You can play out this scenario with almost anything: Would these playoffs be different, for instance, if Andrew Luck had left Stanford a year earlier and played for the Panthers? Is there anything in this generation with as many tentacles as John Lynch sacking Drew Brees in December 2005, causing Brees to tear his labrum and subsequently fail his physical with the Dolphins, which eventually led Nick Saban back to the college ranks to build a dynasty at Alabama and started the Saints on a run of NFC success? Let’s not get too deep down the rabbit hole. The point here is that the stories of Josh Allen and Patrick Mahomes will always be linked. The Bills’ pick gave Kansas City its franchise savior, and the extra year allowed the Bills to build a culture (and make the playoffs!) before getting Allen in the draft the following year. Both franchises ended up exactly where they belong.

The reason these decisions were such a big inflection point is that you simply cannot imagine Mahomes or Allen in any other spot. You need Mahomes with Andy Reid, throwing to Travis Kelce and Tyreek Hill behind a much-improved line that keeps him healthy. You need Allen in Buffalo, with offensive coordinator Brian Daboll’s help and with a good line and weapons to utilize. Most importantly, you need Bills Mafia to be online to defend Allen when he has a misstep (this is a good thing!). You cannot imagine either player without those things and thank goodness we don’t have to try. Both were drafted by teams who deeply believed in them and built an apparatus that is perfect for them to thrive in. The end result is what should be an AFC epic.
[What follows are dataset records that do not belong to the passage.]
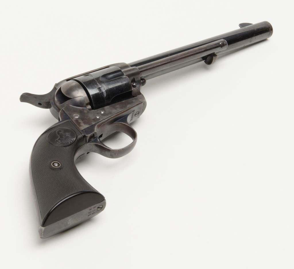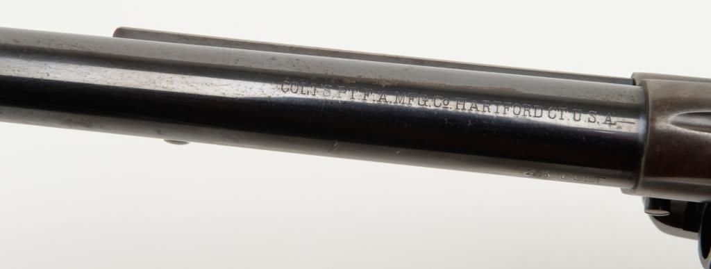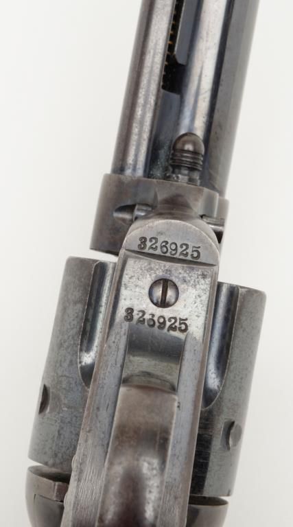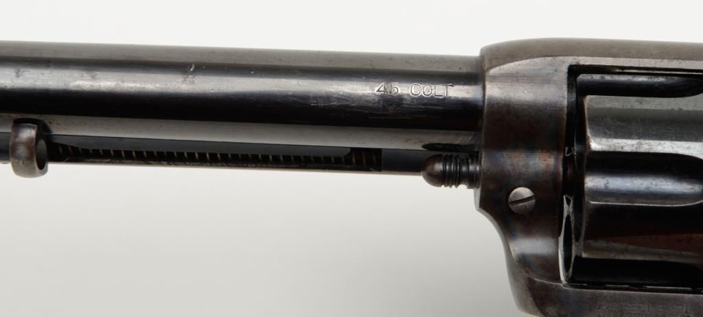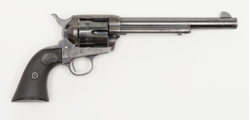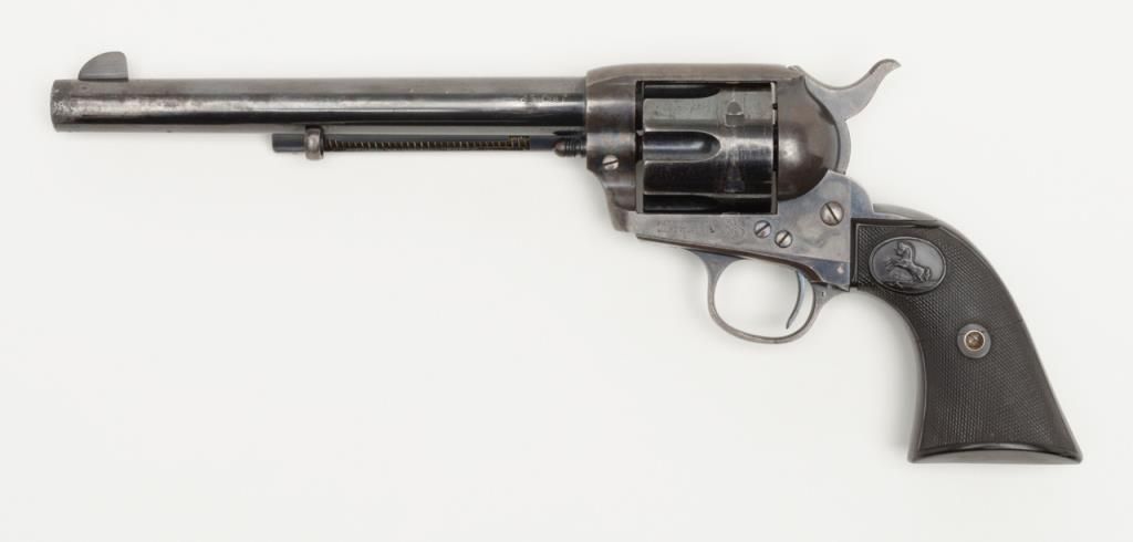 Colt SAA revolver, .45 Colt cal., 7-1/2” barrel, blue and case hardened finish, checkered hard rubber grips, #326925 in overall fine condition showing the majority of its original blue finish with some spots of erosion and majority of itsmuted case colors on frame and hammer; fine bore, crisp action, sharp markings and fine grips; no factory letter but consignor indicates Colt advises gun was shipped to Montgomery Ward. (C&R). Est.: $3,500-$7,000.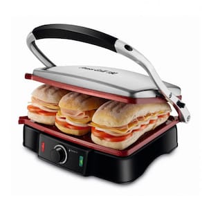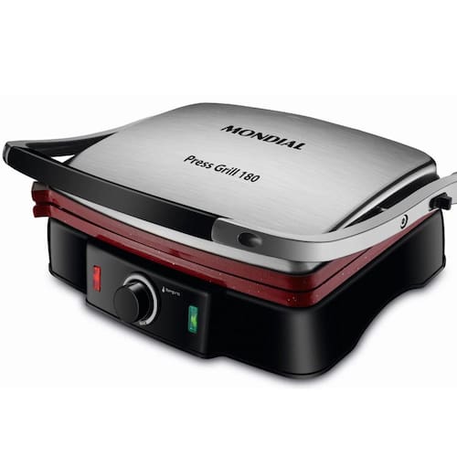 Características: Revestimento cerâmico Red Ceramic: os alimentos deslizam com facilidade sem grudar. Abertura 180°: permite grelhar muito mais alimentos de uma só vez. 1800 W de potência: mais agilidade no preparo dos alimentos. Chapas ajustáveis: mais facilidade no preparo de alimentos com espessuras variadas. Seletor de temperatura: ajusta a temperatura ideal para cada alimento.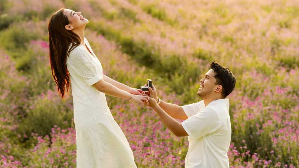 Aaliyah Massaid dilamar dengan romantis di sebuah taman dengan bunga-bunga yang indah. Terlihat dari wajah mereka yang sedang dimabuk cinta.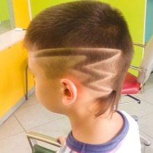 - Tagli di capelli con un motivo molto popolare tra adolescenti e ragazzi in età di transizione. Con l'aiuto di uno schema ritagliato sulla parte temporale o sul retro della testa, il "piccolo uomo" può dichiarare la sua personalità. La creazione di un modello, ovviamente, richiederà alcune abilità. Ma con la dovuta diligenza per padroneggiare questa tecnica funzionerà a casa.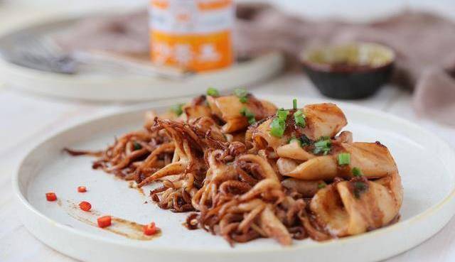 4,倒入魷魚,醬油,辣椒翻炒2分鐘後即可出鍋,撒上蔥花裝飾即可。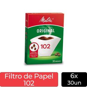 Formato 102, ideal para coadores e cafeteiras de mesmo tamanho Papel de alta resistência, não rompe com facilidade Estrutura porosa que retém o pó, mas deixa passar os sabores Produto biodegradável e descartável Embalagem econômica com 30 unidades Escolha de quem entende de café

There’s a legendary rugby manager named Eddie Jones whose interviews I happened upon during the offseason. He said his ultimate aim—what keeps him going—is the perfect game. Now, the thing about the perfect game in rugby, as in football, is that there’s not exactly a standard definition. This isn’t baseball. Instead, it’s controlling everything—making all the right moves at all the right times. “Imagine going out there and you’re impossible to play against—impossible,” Jones told the High Performance podcast, in one such interview.

That’s a bit of a moving target, but that’s probably the definition in football too. This thought popped into my head watching the Bills-Patriots game last week when the Bills, statistically, played what seemed to be the perfect game. No team in the history of football had ever gone an entire game without punting, kicking a field goal, or having a turnover. There are problems with the idea that it was perfect. The Bills didn’t hold the Patriots scoreless, but when you consider that Bill Belichick is the best coach of all time and that the Patriots were a genuinely good team with a lot of defensive talent, then, yes, it seemed perfect. Add in a wild Buffalo crowd in near-zero temperatures and this was a football party. Allen completed all 10 of his attempts that went 10-plus yards downfield.

I’ve been thinking about this because the only other quarterback capable of such a thing left in the AFC is probably Mahomes. And although I don’t think either quarterback will be perfect exactly, I do think both can get close to it. What happens if they do it at the same time? OK, forget everything I said, that would be Manning-Brady stuff.